O novo terminal também tem suas firulas, como o uso de abas e a possibilidade de customizar as janelas usando os diversos templates disponíveis no Inspector.
Eu ia falar sobre o Directory e o Directory Utility, mas achei melhor, tal qual o iCal, deixar para depois, já que sem o Mac OS X Server não há muito o que dizer sobre esses recursos…
No que diz respeito à segurança, o Leopard conseguiu ficar mais seguro ainda. Agora além do filtro de pacotes, o Leopard tem um firewall de camada de aplicação.
Para quem não sabe, existem duas maneiras de controlar o fluxo de dados entre redes, ou filtrando pacotes (camada 3) ou filtrando aplicações (camada 7), ou ainda uma combinação dos dois.
No filtro de pacotes, o firewall analisa os cabeçalhos e leva em consideração o IP de origem e destino, e as portas TCP ou UDP de origem e destino.
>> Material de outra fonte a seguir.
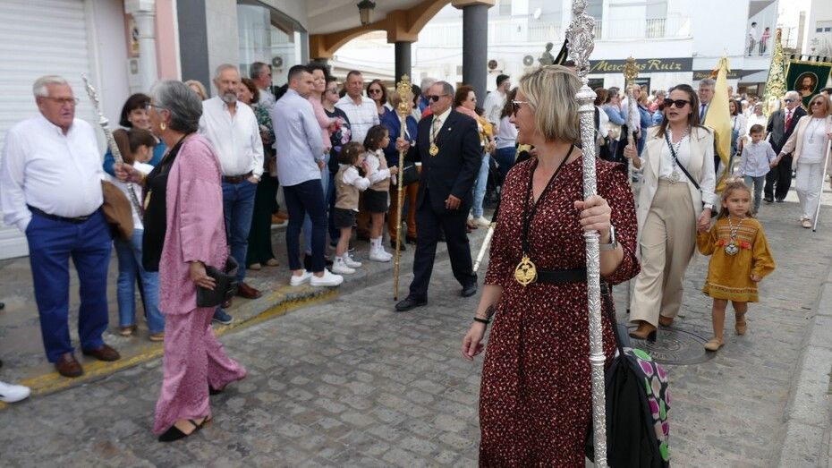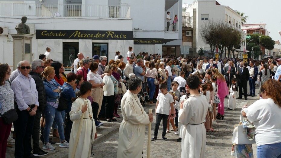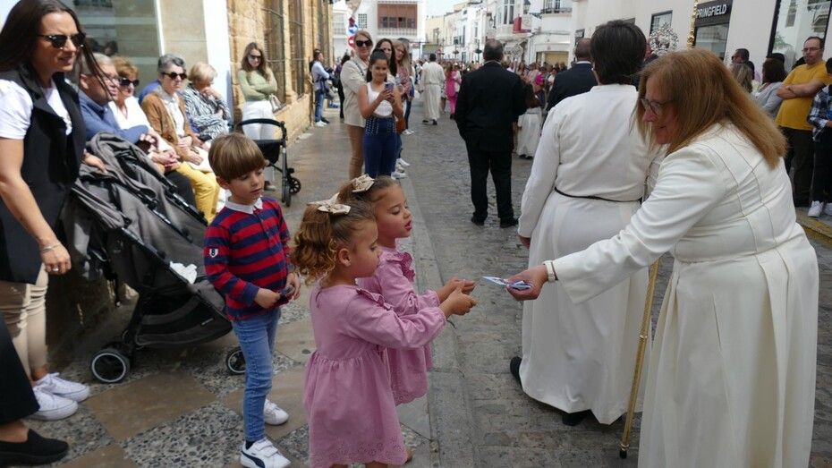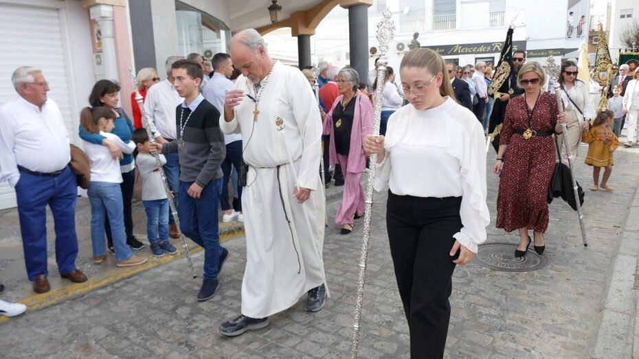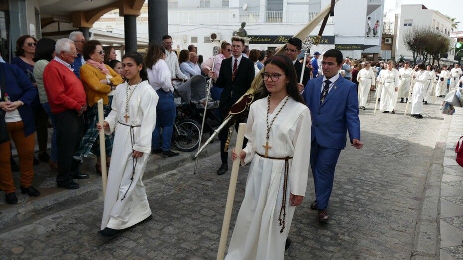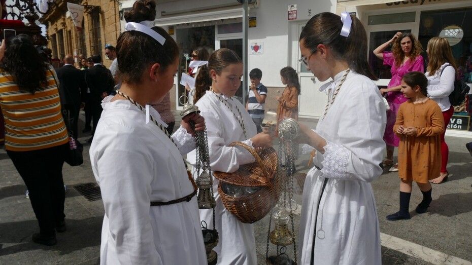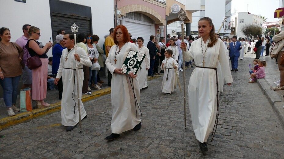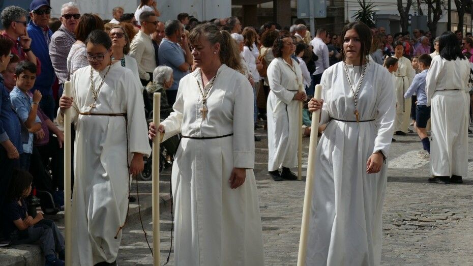 El cambio ha tenido algunas ventajas, como que los cargadores del Santísimo Cristo del Amor y las cargadoras de Nuestra Señora de la Esperanza del Calvario, que se han ido turnando a lo largo del recorrido, no hayan tenido que soportar las temperaturas altas que suelen acompañar a este día y que suponen una dificultad añadida al esfuerzo físico que realizan. Ese, de hecho, era el motivo principal del cambio de hora, evitar algún desmayo como ocurría el año pasado en el seno de la cuadrilla, aunque conllevaba la duda de saber qué acogida tendría en la calle. Varios factores se mostraban en contra ante esta modificación: el cansancio acumulado de una Semana Santa intensa, que el grueso de turistas ya se ha marchado y que al día siguiente es laborable y además se reanudan las clases, lo que obliga a muchos estudiantes universitarios a marcharse y a los más pequeños a acostarse antes. Pero al final, los roteños han acompañado a Jesús Resucitado y en la salida, a las cuatro y media de la tarde, la calle María Auxiliadora se mostraba concurrida. Así lo ha he estado toda la zona centro, sin aglomeraciones y muy lejos de bullicio en la calle, pero arropado.

Baseado em um conjunto de regras, esse firewall determina se um pacote será encaminhado de uma rede para a outro ou se esse pacote será descartado, bloqueando a comunicação. O firewall de aplicação é mais sofisticado que um firewall de pacotes, pois ele tem “conhecimento” de qual aplicativo está querendo enviar ou receber dados de uma rede.
Um exemplo prático seria o MSN. Em um filtro de pacotes, você precisa determinar quais portas deverão ser bloqueadas, no caso do MSN, as portas TCP 1863, UDP 1863 entre outras. O problema é que o MSN também usa a porta 80, a mesma porta usada pelos navegadores… Bloquear a porta 80, também bloquearia a navegação na internet. Usando um firewall de aplicação, é possível bloquear especificamente o MSN sem comprometer outros aplicativos como o Safari e o Firefox.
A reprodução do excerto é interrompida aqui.